It would seriously hurt participation numbers. Most top contenders don't cheat because they have respect for competitive programming. The main goals of USACO are to increase interest in informatics and eventually select the IOI team, both of which the current system does pretty well on despite flaws.

If you have good way to prevent the (probably minimal) cheating without hindering those goals, it would be great, but your current suggestions hurt maximizing participation and awareness.

How can you do this?

Historically, I've aced all problems not written by Benq in-contest. But I also get like 0 cases on his, so I can never pass silver. Hopefully cutoff will be 700 for silver this time again.

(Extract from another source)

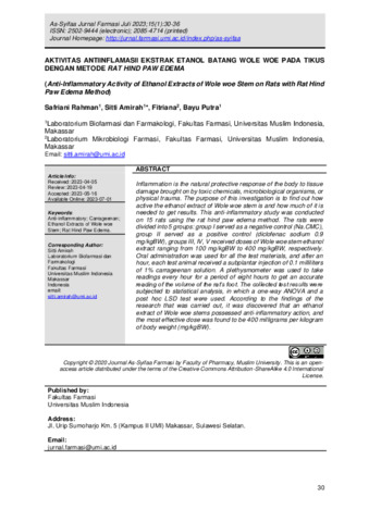 Safriani, Rahman and Sitti, Amirah and Fitriana, Fitriana and Bayu, Putra (2023) Aktivitas antiinflamasi ekstrak etanol batang wole woe pada tikus dengan metode Rat Hind Paw Edema. As-Syifaa : Jurnal Farmasi, 15 (1): 4. 30 -36. ISSN 2085-4714

P1: If Farmer John only adds haybales, we can solve the problem by maintaining a segtree/BBST of unused time intervals, using binary-search-on-segtree to find how long the new haybale lasts. Then, we can use a standard trick where we divide-and-conquer on updates/queries in order make the updates incremental-only.

Think of each haybale update as an interval of queries which it affects before it's overwritten. We can essentially form a segtree over the queries, and each update applies to $$$O(\log(U))$$$ nodes of this segtree. Then, we'll dfs through this segtree, when we reach a node, we apply all updates which cover that node, and then recurse into its children; when we're ready to leave the node, roll back all updates. This takes $$$O(U \log^2(U))$$$ time.

P3: My solution is pretty funny. Note that, as K increases, we should take a superset of the previous vertices, since adding more vertices only decreases marginal costs of adding more. Also, we can solve the problem for a single value of K using a simple tree-dp of whether we use each vertex or not.

Now, let's run the DP solve the problem for each value of K from 1 to N, using a few optimizations. First, before running anything, let's prune the tree of useless leaves (which don't have any special nodes) and then compress long paths of non-special vertices. Next, when we solve a future value of K, only do the tree-dp starting from unused edges/vertices; we can do this by maintaining a list of unused edges and shrinking it as we use them.

Now, because we compressed the tree, the number of unused compressed edges is at most twice the current number of components. Furthermore, after running for K iterations, the current number of components is at most N/K + 1, since otherwise we could just take all vertices. Thus, if we run the tree-dp only on the unused portions of the compressed tree, our total runtime is at most $$$N/1 + N/2 + ... = O(N \log(N))$$$

EDIT: Actually, the runtime of this algorithm is $$$O(N)$$$. Note that, after solving a particular value of $$$K$$$, the number of connected components is at most $$$ans[K] - ans[K-1]$$$; otherwise, we would have a better solution for $$$K-1$$$. Thus, if we add these all up, the total runtime is at most $$$ans[N] - ans[0] + O(N)$$$. We know that $$$ans[N] \le 2N$$$, so the total runtime is $$$O(N)$$$.

How to check if a number of moonies can satisfy the requirement?